**Work to complete**
Repeat nothing but the lines below running from the one containing "This stoneware dinner" to the one containing "The CHIONE P5-360". Keep both end lines.

(Items from a data source)
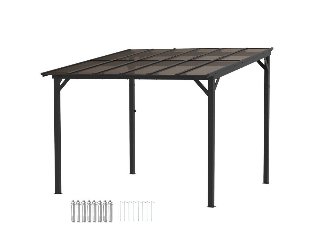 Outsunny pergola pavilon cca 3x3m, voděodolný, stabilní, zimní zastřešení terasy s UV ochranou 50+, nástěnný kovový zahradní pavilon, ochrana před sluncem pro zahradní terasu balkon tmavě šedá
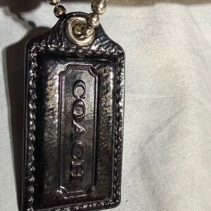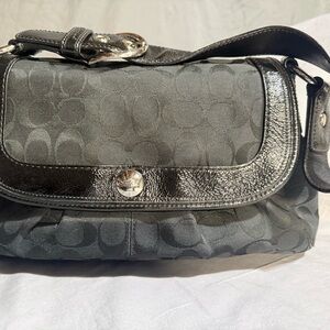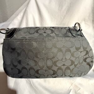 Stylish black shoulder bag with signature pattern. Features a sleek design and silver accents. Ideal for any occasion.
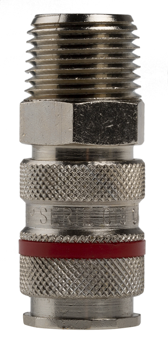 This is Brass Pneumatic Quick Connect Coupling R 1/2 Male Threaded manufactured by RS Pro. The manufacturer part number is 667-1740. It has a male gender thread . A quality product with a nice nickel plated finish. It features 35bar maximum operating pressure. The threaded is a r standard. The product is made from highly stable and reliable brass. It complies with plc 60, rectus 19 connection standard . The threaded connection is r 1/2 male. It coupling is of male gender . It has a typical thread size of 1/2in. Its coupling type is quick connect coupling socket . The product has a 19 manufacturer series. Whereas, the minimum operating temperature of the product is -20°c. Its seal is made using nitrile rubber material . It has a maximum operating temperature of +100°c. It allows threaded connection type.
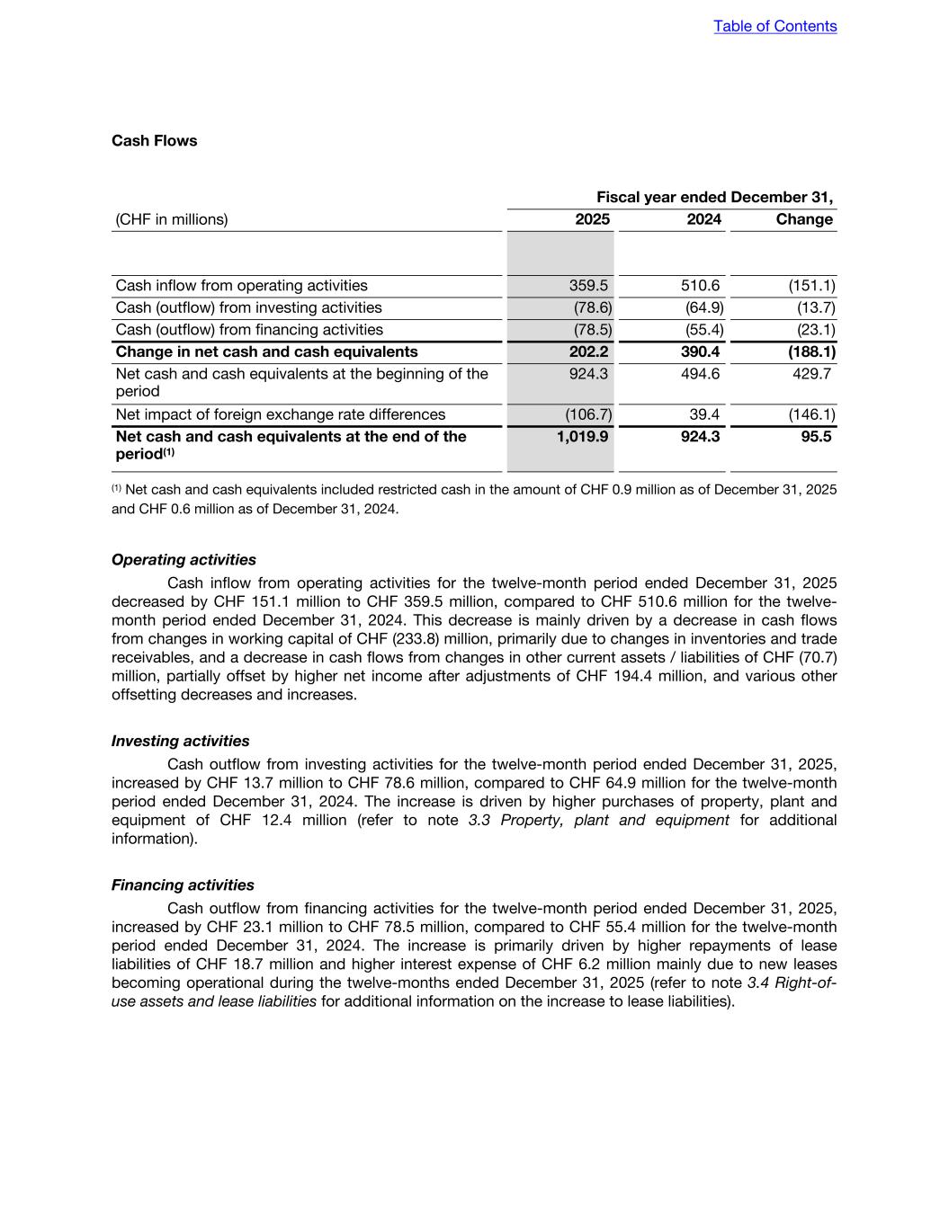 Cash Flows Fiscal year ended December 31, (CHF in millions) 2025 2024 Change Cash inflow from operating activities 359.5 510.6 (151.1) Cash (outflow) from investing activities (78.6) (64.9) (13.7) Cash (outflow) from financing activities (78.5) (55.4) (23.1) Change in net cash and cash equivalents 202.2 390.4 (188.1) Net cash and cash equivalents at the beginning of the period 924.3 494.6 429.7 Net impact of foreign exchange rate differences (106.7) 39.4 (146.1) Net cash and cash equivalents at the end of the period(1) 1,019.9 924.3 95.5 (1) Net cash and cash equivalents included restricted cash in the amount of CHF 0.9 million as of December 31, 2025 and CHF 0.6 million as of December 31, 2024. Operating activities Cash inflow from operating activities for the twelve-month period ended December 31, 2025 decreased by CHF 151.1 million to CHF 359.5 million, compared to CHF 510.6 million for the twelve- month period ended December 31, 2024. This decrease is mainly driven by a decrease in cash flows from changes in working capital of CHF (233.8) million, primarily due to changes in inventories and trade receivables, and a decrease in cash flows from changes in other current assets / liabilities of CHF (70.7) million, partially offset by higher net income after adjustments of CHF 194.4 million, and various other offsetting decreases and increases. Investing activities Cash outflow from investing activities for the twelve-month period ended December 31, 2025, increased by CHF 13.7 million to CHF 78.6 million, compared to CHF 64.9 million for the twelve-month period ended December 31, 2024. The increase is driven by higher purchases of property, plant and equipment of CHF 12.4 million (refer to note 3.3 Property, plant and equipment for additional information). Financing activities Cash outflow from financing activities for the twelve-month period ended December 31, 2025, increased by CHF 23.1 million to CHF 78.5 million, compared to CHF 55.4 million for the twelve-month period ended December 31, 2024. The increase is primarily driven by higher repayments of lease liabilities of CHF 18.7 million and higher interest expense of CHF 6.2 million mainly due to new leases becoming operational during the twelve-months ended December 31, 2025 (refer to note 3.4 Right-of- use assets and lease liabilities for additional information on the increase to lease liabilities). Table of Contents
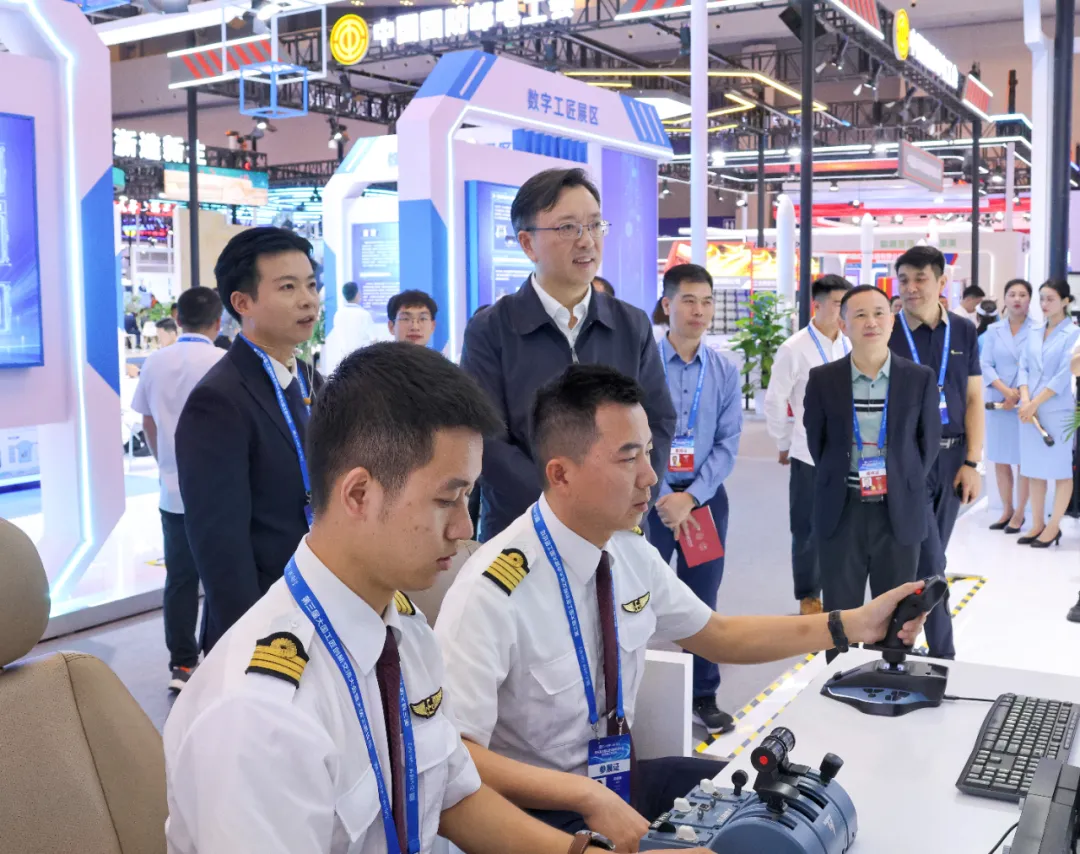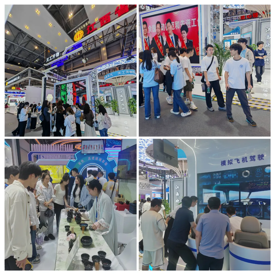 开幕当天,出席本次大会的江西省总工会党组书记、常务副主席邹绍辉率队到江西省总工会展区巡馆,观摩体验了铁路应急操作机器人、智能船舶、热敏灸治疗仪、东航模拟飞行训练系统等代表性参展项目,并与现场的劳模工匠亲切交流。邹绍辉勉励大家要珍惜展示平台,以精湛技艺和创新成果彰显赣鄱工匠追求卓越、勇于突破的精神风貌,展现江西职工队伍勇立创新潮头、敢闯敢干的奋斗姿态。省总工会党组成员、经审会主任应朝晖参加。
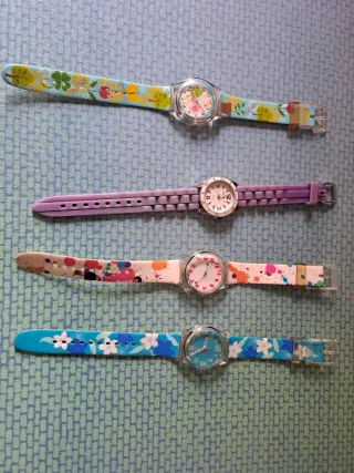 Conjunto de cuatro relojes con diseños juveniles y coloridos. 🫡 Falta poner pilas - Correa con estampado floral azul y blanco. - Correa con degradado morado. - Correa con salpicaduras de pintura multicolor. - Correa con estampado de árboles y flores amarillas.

...

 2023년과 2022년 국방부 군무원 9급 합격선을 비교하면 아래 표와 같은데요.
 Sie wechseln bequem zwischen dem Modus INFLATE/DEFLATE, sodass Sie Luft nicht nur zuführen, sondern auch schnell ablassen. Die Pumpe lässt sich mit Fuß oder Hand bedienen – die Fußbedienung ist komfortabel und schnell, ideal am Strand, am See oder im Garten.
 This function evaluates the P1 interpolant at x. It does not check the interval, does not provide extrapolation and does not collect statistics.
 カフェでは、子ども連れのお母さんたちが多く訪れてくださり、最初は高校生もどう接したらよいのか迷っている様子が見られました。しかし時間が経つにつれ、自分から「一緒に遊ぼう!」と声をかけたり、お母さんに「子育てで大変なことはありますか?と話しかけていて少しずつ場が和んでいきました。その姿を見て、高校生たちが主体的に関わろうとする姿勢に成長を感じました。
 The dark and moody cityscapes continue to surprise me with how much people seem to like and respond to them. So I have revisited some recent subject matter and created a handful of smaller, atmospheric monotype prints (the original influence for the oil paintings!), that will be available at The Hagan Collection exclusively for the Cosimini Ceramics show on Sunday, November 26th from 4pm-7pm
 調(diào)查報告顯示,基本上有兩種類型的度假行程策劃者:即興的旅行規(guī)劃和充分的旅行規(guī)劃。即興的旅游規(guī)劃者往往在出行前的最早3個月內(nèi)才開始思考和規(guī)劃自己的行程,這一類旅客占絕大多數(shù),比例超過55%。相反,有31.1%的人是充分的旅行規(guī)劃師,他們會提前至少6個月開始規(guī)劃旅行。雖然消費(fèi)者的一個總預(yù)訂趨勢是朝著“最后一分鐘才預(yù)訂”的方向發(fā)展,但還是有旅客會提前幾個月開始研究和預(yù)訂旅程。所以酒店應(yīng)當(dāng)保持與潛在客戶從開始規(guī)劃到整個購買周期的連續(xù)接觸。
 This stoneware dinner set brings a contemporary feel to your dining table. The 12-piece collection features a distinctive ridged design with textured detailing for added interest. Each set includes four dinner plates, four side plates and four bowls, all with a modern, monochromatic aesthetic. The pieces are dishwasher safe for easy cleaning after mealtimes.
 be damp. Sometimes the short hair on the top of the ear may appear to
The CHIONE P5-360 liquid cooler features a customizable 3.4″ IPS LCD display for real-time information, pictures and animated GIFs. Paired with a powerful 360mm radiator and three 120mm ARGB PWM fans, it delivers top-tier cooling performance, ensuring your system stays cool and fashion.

**Result for this exercise**
 This stoneware dinner set brings a contemporary feel to your dining table. The 12-piece collection features a distinctive ridged design with textured detailing for added interest. Each set includes four dinner plates, four side plates and four bowls, all with a modern, monochromatic aesthetic. The pieces are dishwasher safe for easy cleaning after mealtimes.
 be damp. Sometimes the short hair on the top of the ear may appear to
The CHIONE P5-360 liquid cooler features a customizable 3.4″ IPS LCD display for real-time information, pictures and animated GIFs. Paired with a powerful 360mm radiator and three 120mm ARGB PWM fans, it delivers top-tier cooling performance, ensuring your system stays cool and fashion.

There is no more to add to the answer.